The description by the Apostle Paul of people’s attitudes in these last days, indicates that the freedom of all to do as they please without restrictions, is a condition of anarchy that has crept up on us unawares. Any movement that tends to break down the family authority or governmental authority, and to do away with these completely, is a step in the direction of anarchy.

It was not too long ago that some students in the U.S.A. and France took over institutions of higher learning and told them what they wanted taught, and adopted as a banner—not the red flag of communism—but the black flag of anarchy!

The fasting and praying by the religious leaders of our nation on November 16-18 last year was a noble act.
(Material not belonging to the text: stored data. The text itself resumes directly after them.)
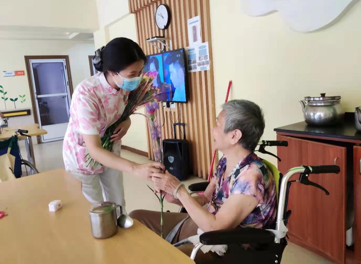 也就是从换日历开始,林婆婆慢慢成了院里的“爱心大使”,每天都会力所能及地去帮助其他长辈,帮助工作人员。院里还颁发心慈养老院爱心大使的绶带给她,给予她极大的成就感和参与感。
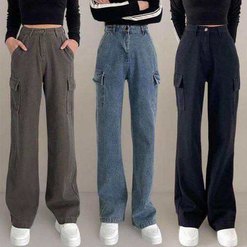[신상오픈런]여성 일자핏 와이드 링사 데님 면바지 가을용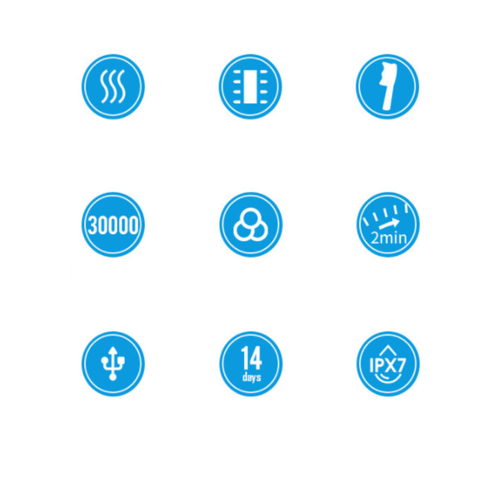 - Hẹn giờ tự động 2 phút. Hệ điều khiển thông minh rung báo hiệu sau mỗi 30 giây báo người dùng chuyển cung hàm đánh răng. Đảm bảo thời gian 2 phút đánh răng khoa học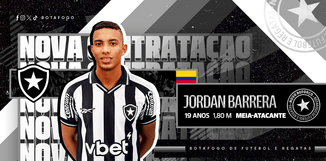 O Botafogo oficializou nesta quinta, 17, a contratação do meia-atacante Jordan Barrera, de 19 anos. O atleta, que chega do Junior Barranquilla, da Colômbia, assinou contrato até o final de 2029 com o Glorioso.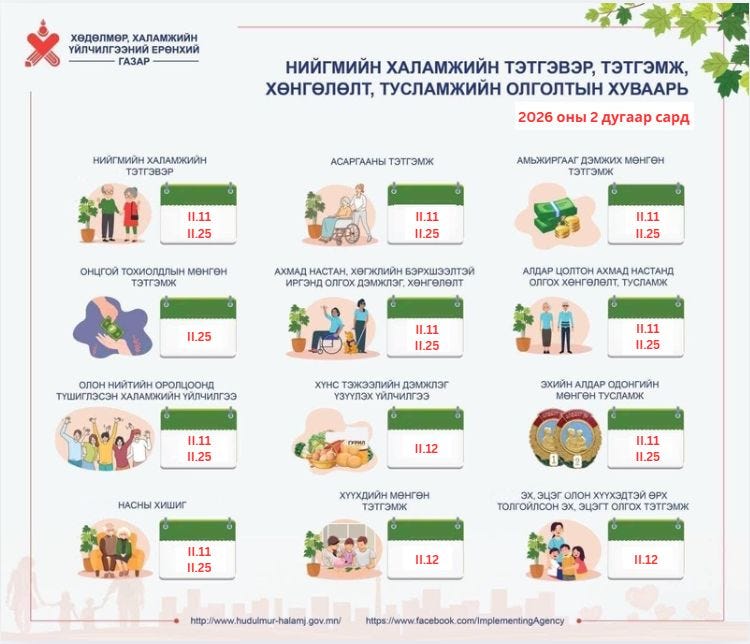 Хөдөлмөр, халамжийн үйлчилгээний ерөнхий газраас энэ сард олгох тэтгэмж, халамжийн хуваарийг танилцууллаа. Тодруулбал, нийгмийн халамжийн тэтгэвэр, асаргааны тэтгэмж, ахмад настан, хөгжлийн бэрхшээлтэй иргэнд олгох мөнгөн тэтгэмж болон “Эхийн алдар” одонгийн мөнгө, “Насны хишиг” зэргийг энэ сарын 11, 25-нд олгох аж. Харин хүүхдийн мөнгийг энэ сарын 12-нд олгох юм байна.
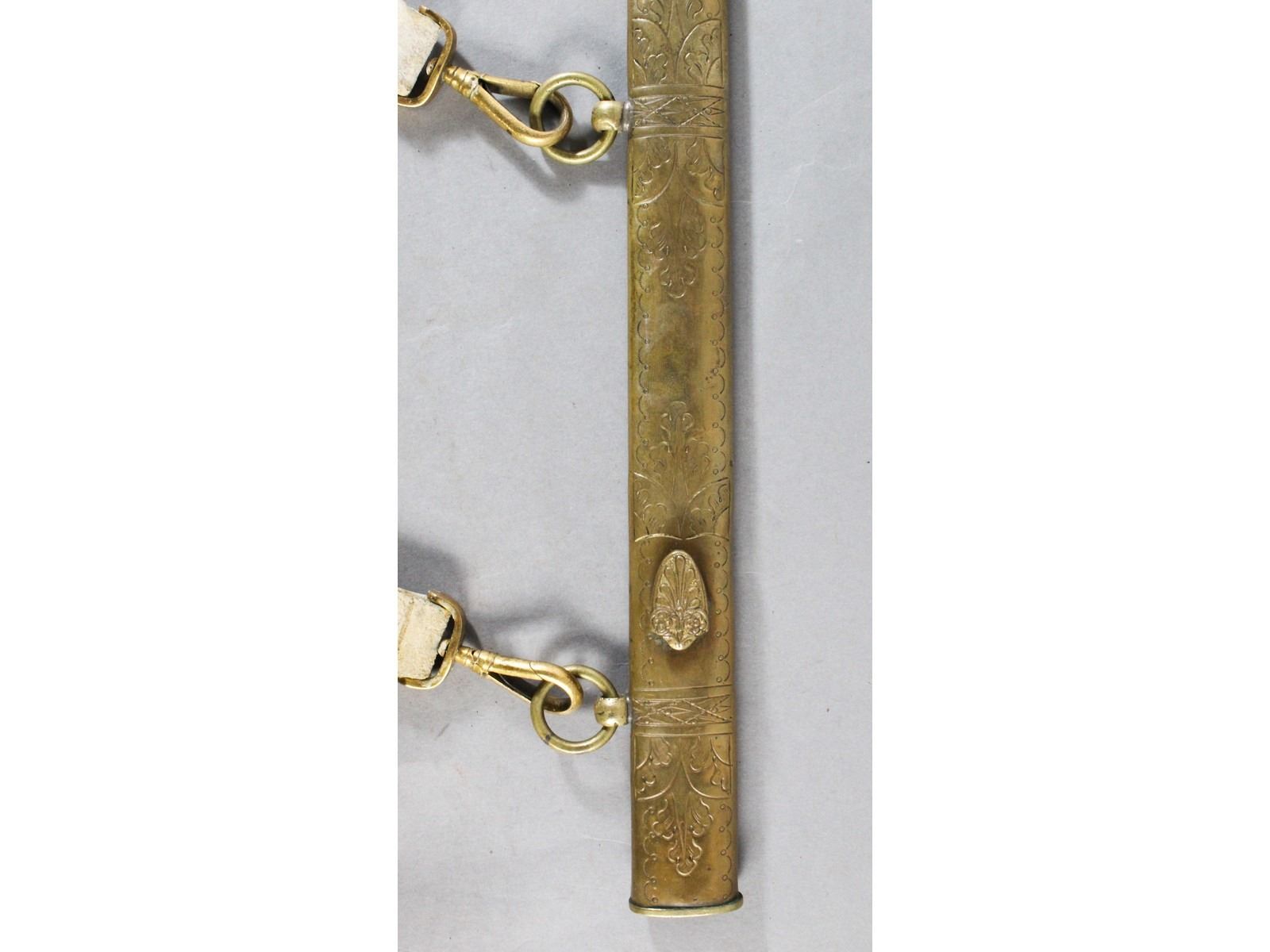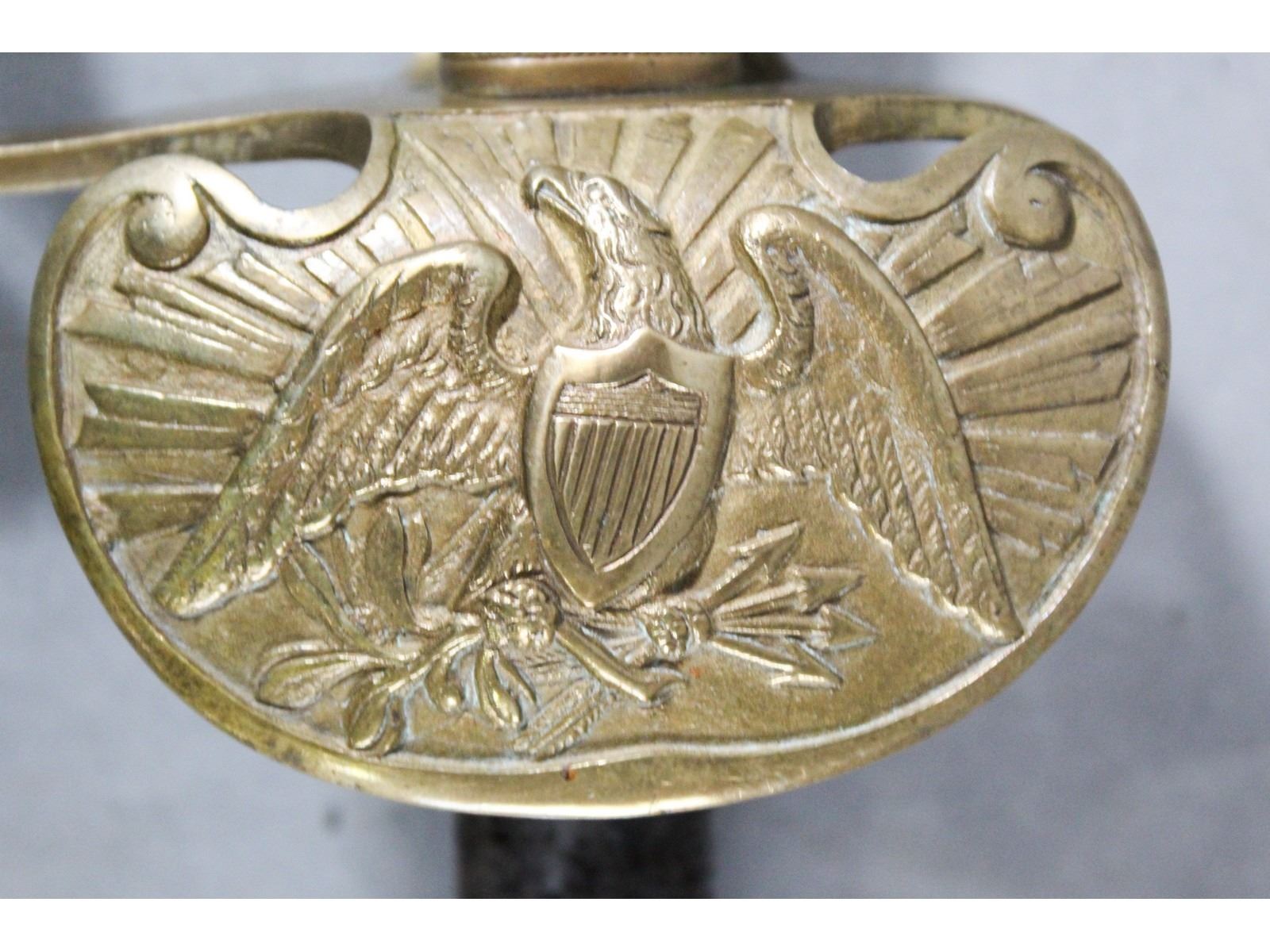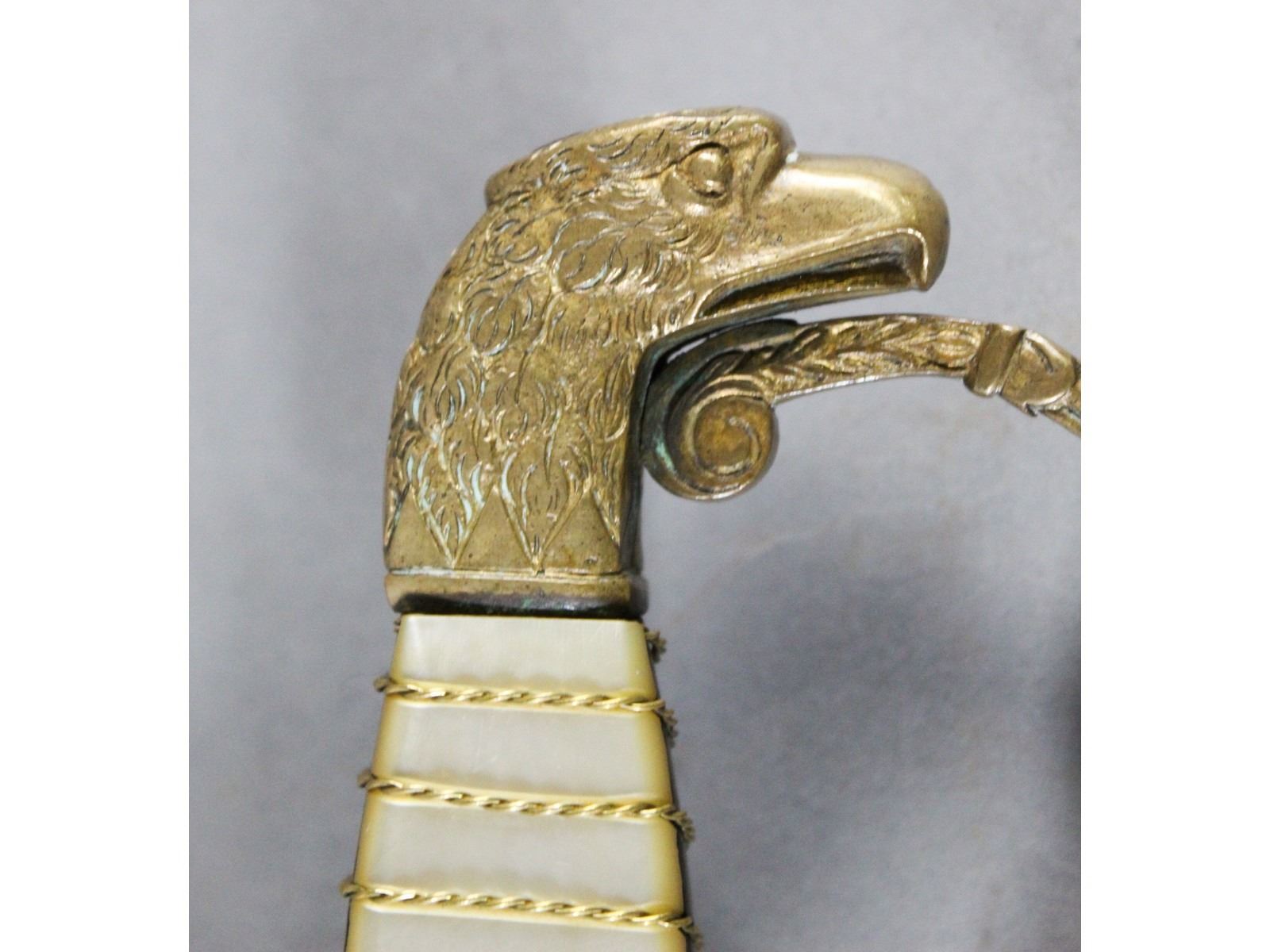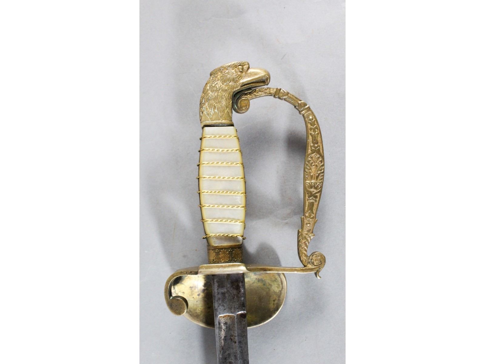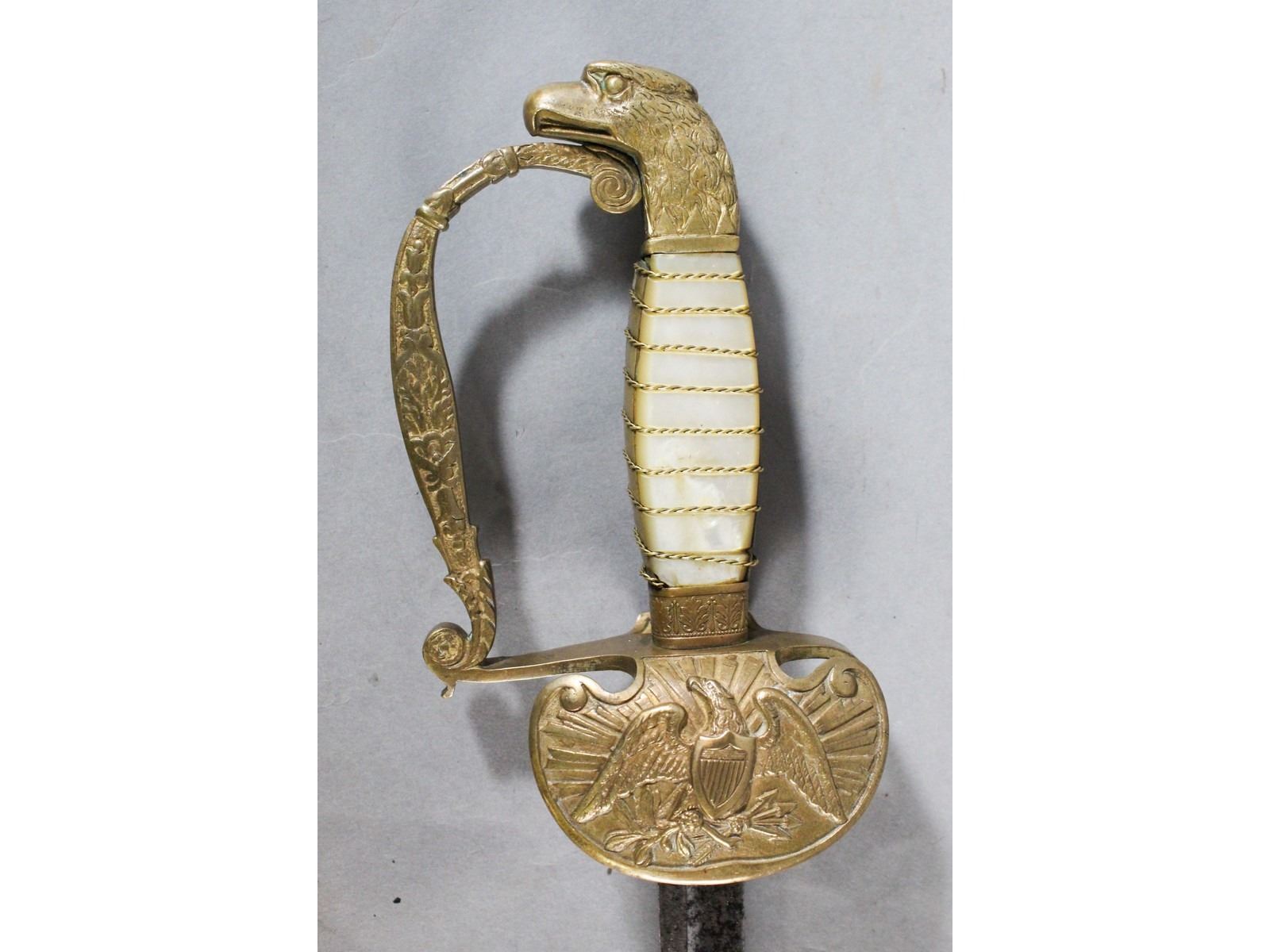 Nice eagle with pommel with full spread wing eagle on turned down guard. Mother of pearl grips with brass wire. Lightly engraved blade with dark stains. Fancy engraved brass scabbard. Still has partial light buff leather hangers. Circa 1830. Very good condition.

They recognized that the problems brought before God’s throne have no human solution. The matters giving them great concern were such as we mentioned early on in this article—twelve-year-olds carrying guns, committing wanton murder; as well as others abandoning marriage promises; increase of teenage suicides; and the use of alcohol and drug escape routes.


Yet, what seems to elude these noble people is that God prophesied that such things would happen in the last days of this present evil world. If they only knew that the prayer Jesus taught his disciples to pray, “Thy kingdom come. Thy will be done in earth, as it is in heaven” (Matt. 6:10), was the most important prayer they could utter. If they had the hope of the establishment of his kingdom in the very near future, they would receive overwhelming peace. How glad we are that the great leader, Jesus Christ, and his associates, have been chosen for this leadership. God will change the hearts of men. He has promised to pour out his Holy Spirit upon all flesh. (Joel 2:28) Until this happens, the terrible problems of these last days will not be overcome.